Tuesday, 10 August 2004
Casco Bay Exhibit Hall
Philippe J. Drobinski, Institut Pierre Simon Laplace/Service d'Aéronomie, Palaiseau, France; and P. Carlotti, J. L. Redelsperger, R. K. Newsom, and R. M. Banta

A recent study suggests that the neutral atmospheric surface layer (SL) can be divided into 2 sublayers (Drobinski et al. 2004): (i) the eddy surface layer (ESL) which is the lower sublayer where the longitudinal velocity fluctuation spectrum E11 displays an intermediate spectral range with a -1 power law; (ii) the shear surface layer (SSL) which is the upper sublayer, where E11 and E33 (vertical velocity spectrum) have the same spectral shape with a -1 subrange.
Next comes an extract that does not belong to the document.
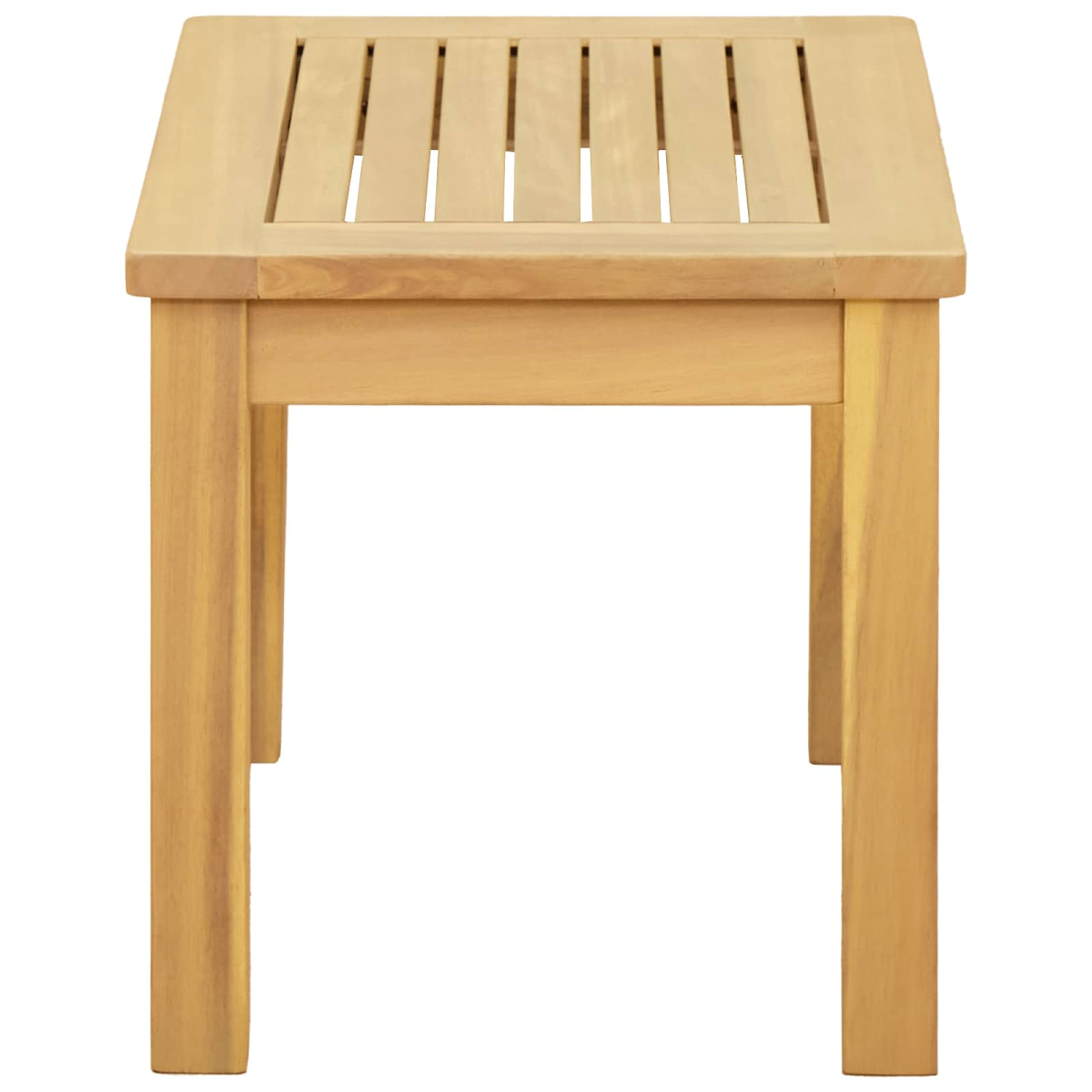 This Solid Acacia Wood Garden Coffee Table exudes a rustic charm, bringing elements of the outdoors to any garden or living room space. Designed to seamlessly blend into both indoor and outdoor settings, it offers a sturdy surface for beverages, books, and decorative items. The natural grain and hue of the Acacia wood lend warmth and character, while its robust construction ensures it stands firm. Positioned at a perfect height for casual conversations or serving refreshments, this coffee table is as functional as it is visually appealing. Solid Acacia Wood: This coffee table is meticulously crafted from solid Acacia wood, known for its striking appearance and natural weather-resistant properties. Acacia's natural grain patterns and brown hue give the table a unique character that stands out in any setting. Its durable nature ensures that it endures various weather conditions while maintaining its aesthetic appeal. Sturdy Frame and Legs: Built with a strong acacia wood frame, this table is supported by post legs designed for stability and a rustic look. The cylindrical shape of the legs offers a traditional touch, reminiscent of farmhouse design, while ensuring the table remains stable on different surfaces. Versatile Use: Perfect for diverse settings, this table can be comfortably placed in gardens, on patios, or alongside pool areas. It provides an ample surface for holding drinks, books, or decorative items, making it suitable for both lively gatherings and quiet relaxation. Natural Finish: The table boasts a natural finish that highlights the wood's natural lines and textures, preserving its authentic rustic charm. This finish not only enhances the table's appearance but also protects against daily wear, ensuring lasting enjoyment. Simple Maintenance: Caring for this table is straightforward, requiring only a wipe with a damp cloth to keep it looking pristine. This easy maintenance regime ensures the table remains a centerpiece, as appealing as the day it was brought home.

Several authors suggest that the -1 power law range measured in E11 is related to near-surface organized eddies. It was suggested that large eddies impinge onto the ground (top-down mechanism for eddy motion at high Reynolds number) where they generate internal boundary layers due to blocking in which smaller eddies develop (Hunt and Carlotti 2001). Following the same argument, Drobinski et al. (2004) suggested that the ESL is the sublayer where blocking of impinging eddies is the dominating mechanism and where small-scale eddies are created, and that the SSL is the upper sublayer, where shear affects the isotropy of turbulence and where large-scale eddies also called streaks are created.

One of the goals of this study is to investigate the capability of large-eddy simulations to retrieve the ESL and SSL dynamics.